Sin embargo, existen otros tipos de manchas que no pueden ser extraídas con agua ni con jabón: las manchas proteicas o de carbohidratos. Para ello, muchos detergentes incorporan enzimas que atacan directamente estos compuestos, permitiendo eliminar manchas de sangre, huevo, frutas, etc. En este caso, el problema de toxicidad vino durante el proceso de fabricación del detergente, que producía un polvo que dañaba los pulmones de los obreros que intervenían en la fabricación. Para evitarlo, ahora se fabrican detergentes con gránulos mayores, que no producen polvo.

Además del agente activo y las enzimas, los detergentes comerciales suelen incorporar otros compuestos que facilitan el lavado y mejoran el resultado final, tales como ablandadores de agua (polifosfatos-silicatos o zeolitas), blanqueantes (perboratos, sustancias fluorescentes), productos repulsivos de polvo (carboximetilcelulosa, sulfato de sodio), estabilizadores de espuma, perfumes, etc.

Un detergente medio presenta unas proporciones similares a éstas:

Principio activo (~15%)
Ablandadores de agua (~30%)
Perborato sódico (~20%)
Fluorescente (~0.1%)
Sulfato sódico (~20%)
Enzimas (~0,5%).
Agua (~15%)

La utilización real de las zeolitas en el lavado

Por todas las características mencionadas, las zeolitas se están utilizando ampliamente en la fabricación de detergentes para sustituir a los productos fosfatados  -mucho más contaminantes- en su labor de ablandamiento del agua gracias a su capacidad de intercambio iónico. Sin embargo, no pueden sustituir al principo activo del detergente, dado que no poseen capacidad disolvente para grasas ni enzimática para manchas proteicas. De igual forma, tampoco pueden sustituir otros aditivos como blanqueadores o aromatizadores. En aguas blandas, el resultado puede llegar a ser inapreciable.

No se tratan pues de ningún producto revolucionario, sino de unos minerales que se llevan utilizando desde hace más de 50 años en multitud de procesos industriales y domésticos, cuya dosis debe estar equilibrada y cuyo agotamiento exige el cambio o la reactivación mediante lavados ácidos.  De esta forma, los no más de 50 gramos de bolitas dando vueltas una y otra vez durante cientos de lavados, difícilmente pueden realizar una función mucho más allá que la de un lavado con agua ligeramente ablandada.

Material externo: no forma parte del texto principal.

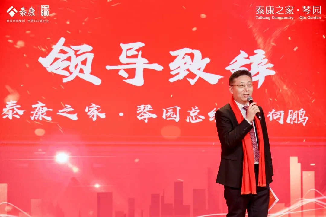 泰康之家·琴园总经理何鹏在新春联欢会上致辞。2024年泰康之家持续探索网络化社区康养中心布局。机构养老、社区养老和居家养老“三位一体”的养联体战略正式成型。截至目前,泰康之家已在全国布局36个核心城市43个项目,24家养老社区已投入运营,服务在住居民超1.5万人。
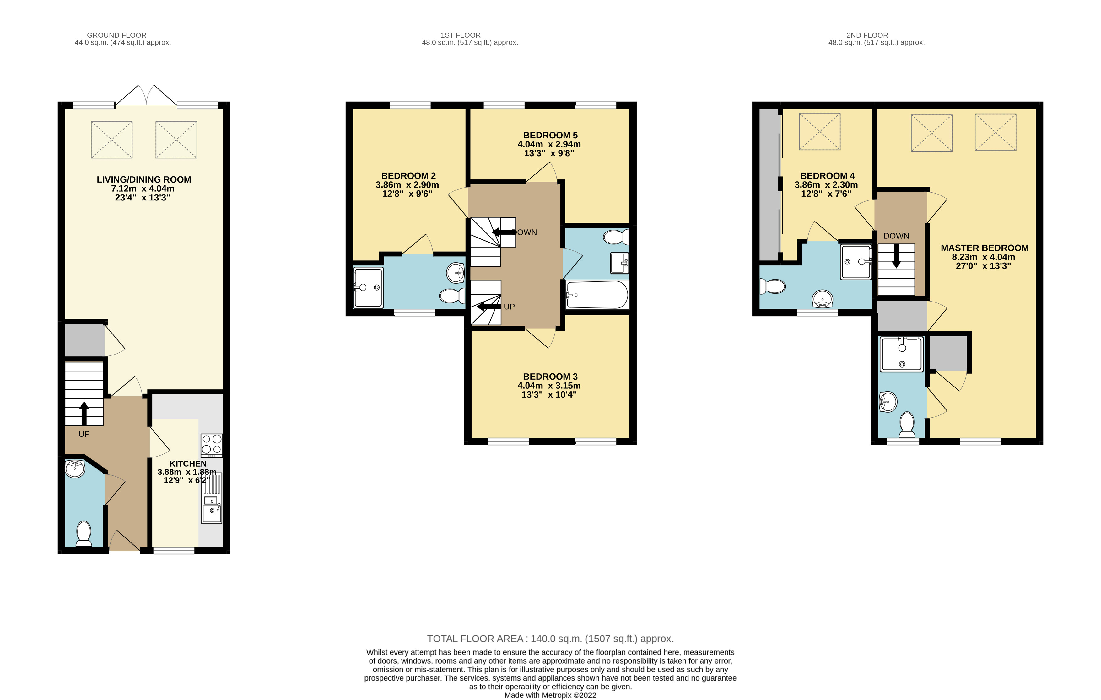 The estate is well maintained and looked after, giving the impression that these properties are still like a new home! This particular house is the definition of a TARDIS and consists of an entrance hall which welcomes you straight away. There is a 23' living/dining area to the rear with floods of natural light coming in, as well as a fitted kitchen to the front which is across the hall from the ground floor cloakroom. The first floor benefits from three bedrooms, one has an en suite shower room but either of these would work brilliantly as your home office - there is also the main family bathroom on this floor. The second floor is where you find the huge master bedroom which again benefits from an en suite shower room as does the fifth bedroom on the other side of the landing.
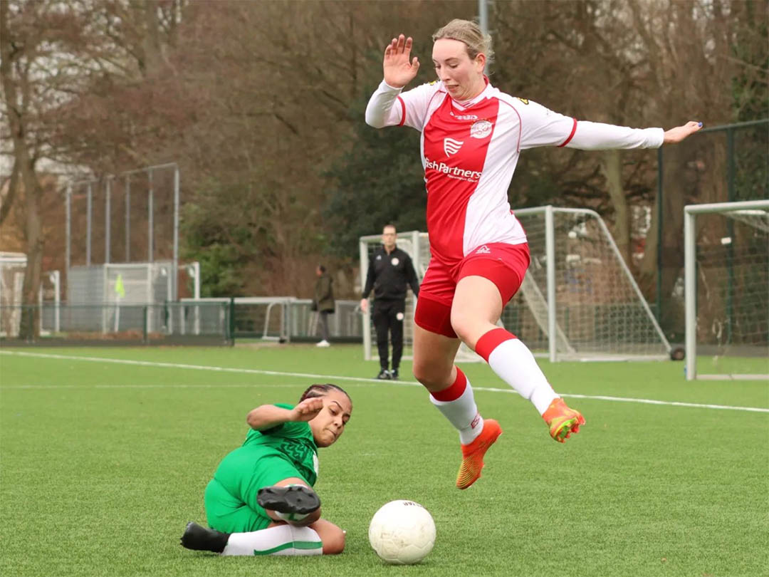 Vier minuten later lag echter de 1-1 al in het net. Captain Angela van de Groep legde de bal vanuit een vrij trap op het hoofd van Nadia Hartog die hem heerlijk binnen kopte.
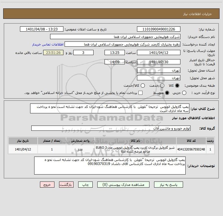 شرح کلی نیاز: پمپ گازوئیل اتوبوس ترجیحا "نئوپلن با کارشناس هماهنگ شود-ایران کد جهت تشابه است نحو ه پرداخت سه ماه اداری است

De hecho, podemos proponer un sistema aún más revolucionario para ahorrar detergente: con ropa poco sucia (como aconsejan los vendedores del invento, sin manchas ni lamparones), incorpore al lavado únicamente un 20% de la dosis que indica el fabricante, sin bolas y sin más aditivos. Los resultados es posible que le sorprendan.

Entradas relacionadas:


  1. 18 agosto, 2009 en 13:00

    Lo que hacen estos cachondos sí que es vender una bola. 😀

    Supongo que con el tiempo recomendarán usar “sólo” un 80% de detergente y entoncés la bola acabará con todas las manchas con un considerable ahorro. 😀

    Y ahora vendrá el tonto de turno a exigir que se demuestre científicamente y al milímetro que la bola no contiene energías kármikas desconocidas para la ciencia actual.

    En fin…

  2. 18 agosto, 2009 en 14:49

    Buena entrada!

    Si siempre ha sido igual, grandes afirmaciones ensalzando curiosas peculiaridades que nos van a vender el milagro… 🙄

  3. Silvia
    18 agosto, 2009 en 20:33

    Un artículo muy interesante. Yo se hacer jabón natural, y es bastante entretenido.

    Si es que ya está todo inventado, como dice mi abuela, pero claro, algunas cosas se olvidan…y luego viene un listo que le hecha un poquito de imaginación y morro….y ya tiene un nuevo producto para forrarse!!!

  4. 18 agosto, 2009 en 21:40

    Hace tiempo estuve haciendo jabón natural en un curso sobre Eduación Ambiental, cierto que es muy entretenido, parece mentira además que con la guarrería de aceites que traía la gente, hasta salían cosas aprovechables 🙂

    Saludos.

  5. Olvido
    19 agosto, 2009 en 18:11

    ¡Saludos!

    Muy interesante el artículo, al igual que el anterior :). La verdad es que ya se encuentra una con las bolas hasta en la sopa (y no son nada baratas, por cierto). Os ha faltado nombrar a la “hermana verde” de las ecobolas: las nueces del Himalaya (!). Supongo que serán para fardar más todavía ante amistades alternativas. Digo yo.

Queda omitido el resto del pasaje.